What's striking to me is how young the team is. The resident leading the team is only starting her third year after graduating medical school. The people doing most of the scutwork are the interns (with some help from the medical students, who - between you and me - are still pretty freaking clueless at this point). Remember, like 6 months ago, the interns were still in medical school. Does this scare you? It really shouldn't - every case is overseen by the attending physician, who has tons more experience.

*******

I spent five years in graduate school, so much of the material I learned in Biology of Disease is a distant memory. It's starting to show. I was asked several questions today by the attending physician, and I think I fell short of satisfactory. Some questions regarding the incidence, presentation, and prognosis of cancer of the esophagus.
Incidence is about 1 per 20,000 people. Usually, when esophageal cancer presents in the clinic, it's in its later stages, so the prognosis is relatively poor: 5-year survival rate is between 5 and 14%. With metastasis, it's around 2%.

Another question probing whether I understood the mechanism behind the hyponatremia of one of the team's diabetic patients. I couldn't remember.
Our patient's blood glucose levels were beyond the range of the instrumentation, above 600 mg/dl. To put it simply, if you remember your high school chemistry, the increased sugar concentration in the serum results in hyperosmolarity, causing water to be drawn out from within cells. This dehydrates cells and also dilutes serum sodium.

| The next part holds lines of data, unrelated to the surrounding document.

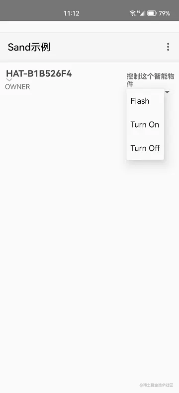 登录后,可以看到注册成功后hello-actuator-thing。点击“控制这个智能物件”,会看到下拉菜单里,有Flash,Turn On,Turn Off三个子菜单。
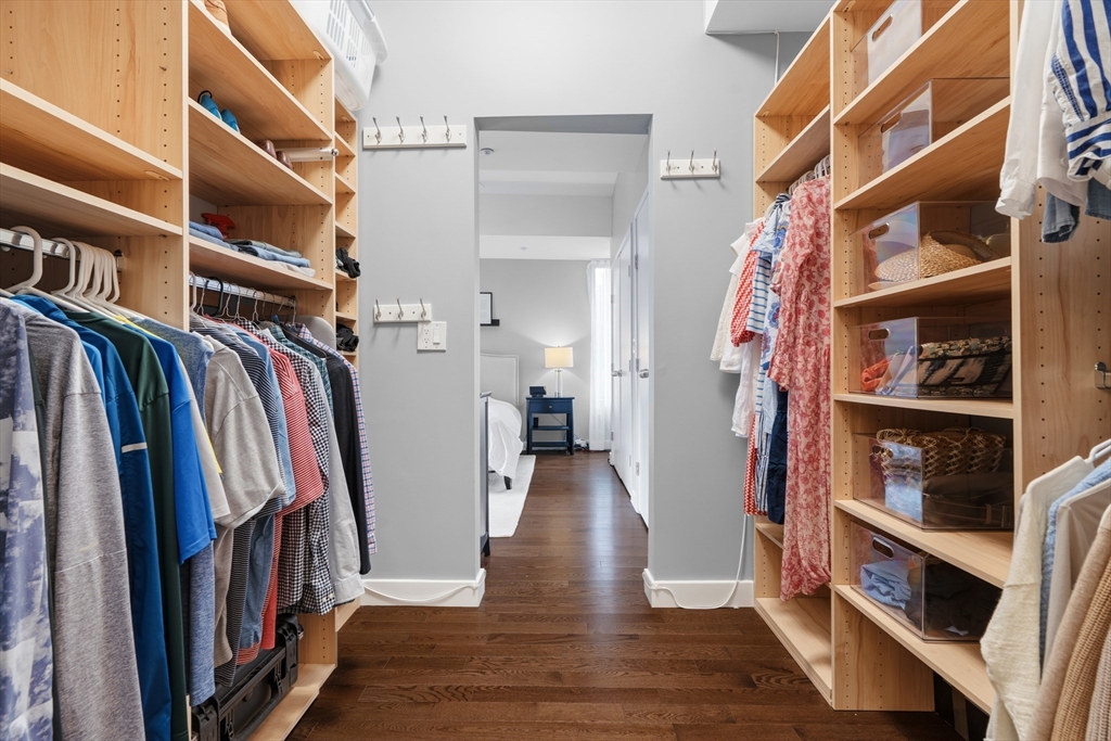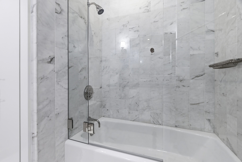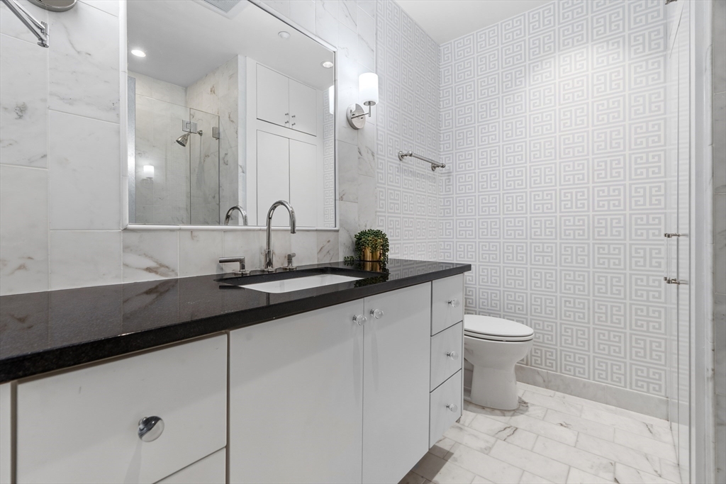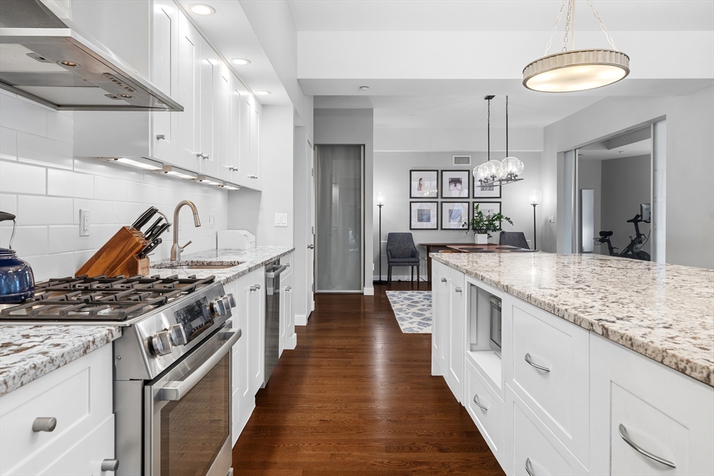 Rarely available southeast-facing corner residence at Wilkes Passage. This expansive 3BD/2BA home is defined by two walls of oversized windows showcasing treetop and Peter’s Park views, filling the open living/dining areas with natural light. Elegant coffered ceilings and hardwood floors enhance the generous living space. The renovated kitchen features stainless appliances, custom cabinetry, dual pantries, and a striking 10’ granite island, with an adjacent dining area suited for large gatherings. The sunlit primary suite offers ample closets, dressing area, and a tiled bath with walk-in shower. A flexible floor plan includes 2 additional bedrooms with custom glass panel doors and large closets, and the guest bath features Carrera marble and in unit laundry. Central AC plus one full garage parking space is included. Residents enjoy 24/7 concierge, a landscaped courtyard and spectacular roof deck with unsurpassed city views, in one of the South End’s most iconic full service buildings.
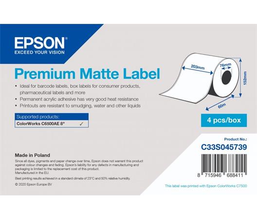 EPSON Premium Matte Label - Continuous Roll: 203mm x 60m
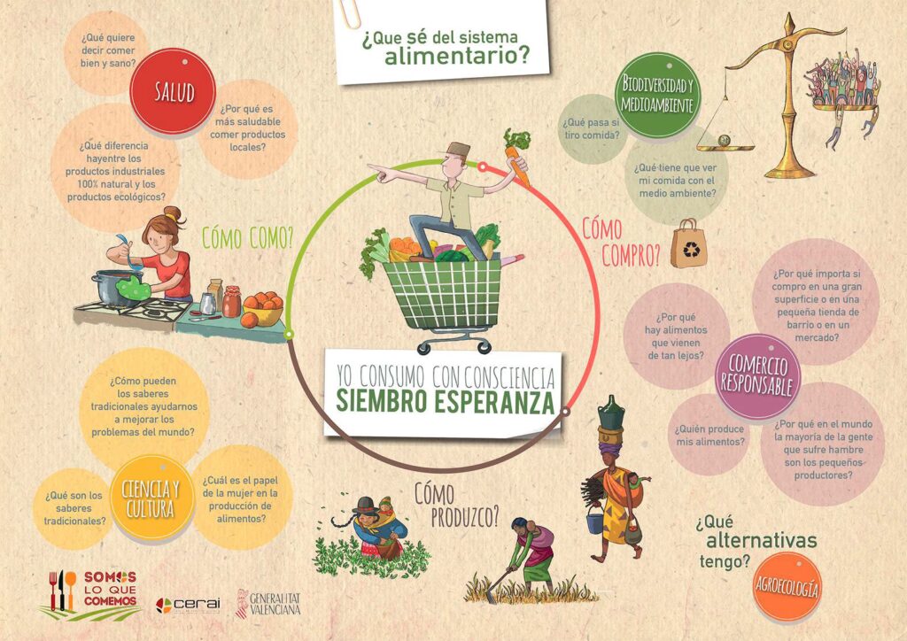 - Pilar Económico: Fomenta una economía local y resiliente. Apoya a pequeños productores, promueve modelos de negocio éticos y valora la durabilidad y la calidad por encima de la cantidad y el bajo precio inmediato.
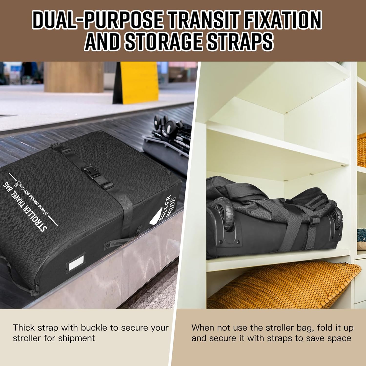 - ULTIMATE PROCTECTION: Designed with 3 layers of premium luggage grade materials,our baby stroller travel bag ensures all-around protection against bumps, scratches, and even light rain. The interior fixing strap ensure your stroller doesn't wobble inside, and an adjustable luggage packing strap(2” wide) to secure the entire travel bag in pristine condition.

I think the attending gave up asking me questions at this point. Boy...I've got some serious catching-up to do in the next few weeks.

6 Comments:

Blogger thekatster said...

the world is so lucky that you're doing the thinking and not me lol - even if you do have to review some thigns. leaving atlanta tomorrow morning, moving back here on Monday - I should be back in full swing some time next week.

great being able to chit chat again!

great morning music?
Sissy Strut by the Meters - and LOUD!
hayeeeeeYA!

kat

8:08 AM  
Blogger thekatster said...

I found a link that played a three minute version of the sissy strut without you having to buy it -

it also plays a ton of other funky morning music - make yo ass so happy to be alive you won't be able to sit down!


http://www.funkymeters.com/

8:14 AM  
Anonymous Anonymous said...

Hello,

You don't know me but a little while back I came across your comments about Matthew Fenton. You are right in that he moved to Baltimore and worked at Univ of MD, Baltimore in there "Mucosal Biology Research Center" (but not as director). He had obtained 2 postdocs, 1 technician, 1 lab manager, and me, the grad student. I worked for him for about 9 months till last April, he sat me down to tell me he was leaving to go to the NIH and that he would be leaving in early June. Sounds a bit like what he did to you. Didn't tell you he was interviewing, gave you no notice, and pretty much just upped and left. Apparently, he had had this planned for awhile but didn't want to tell anyone until he had paper in hand telling him he got the job. I think he was afraid we would all be really pissed (and we would have). We all were really bitter for awhile but he did make attempts to set us with other people. I work for a women who does the same work he did so I got to keep my project (thank god).

I don't think I have quite the same hate for him that you do but I did notice a lot of the same things in your post back in 2004. About him being cheap, how my thesis never seemed to have much focus, him volunteering us to do work for others. It is interesting to hear someone else's take on it.

Anyways, just thought you might find this info interesting. Ever since finding your site, I check it every so often and find it a quite amusing way to procrastinate. I wish you luck in all you Dr endeavors! :)

11:06 AM  
Blogger An Adversary said...

Hey Mikey, conclusive proof that MF (appropriate initials, incidentally) is officially a serial dickhead. Makes me wonder how many people my graduate advisor cocked up after I moved on.

11:21 AM  
Blogger thekatster said...

lolololol - thank that was great - funny people I'm tellin' ya

5:07 PM  
Blogger Mikey said...

You don't know me but...

Hi! Thanks for the comment. I'd actually dropped by your department's website to see how Matt's lab people fared once he decided to leave again. I'd like you to know that, once we found out that Matt was leaving us, the lab went out on a 'Goodbye, Matt' lunch, and we toasted to his future lab members. (Did you ever wonder why not a single lab member followed him to Baltimore?) I really wish our labs could trade stories. (And if you do feel like trading stories, feel free to drop me a line: ironchefmike (at) gmail(dot)com. Don't worry about making it onto the front page of my blog - I'm done commenting about Matt on here).

Anyway, the truth was that he was really unhappy up here, and I believe that adversely affected the way he managed the lab. According to Matt, he landed in a much better situation at UMD, and I would have hoped that that would have led to better people/lab/science management on his part.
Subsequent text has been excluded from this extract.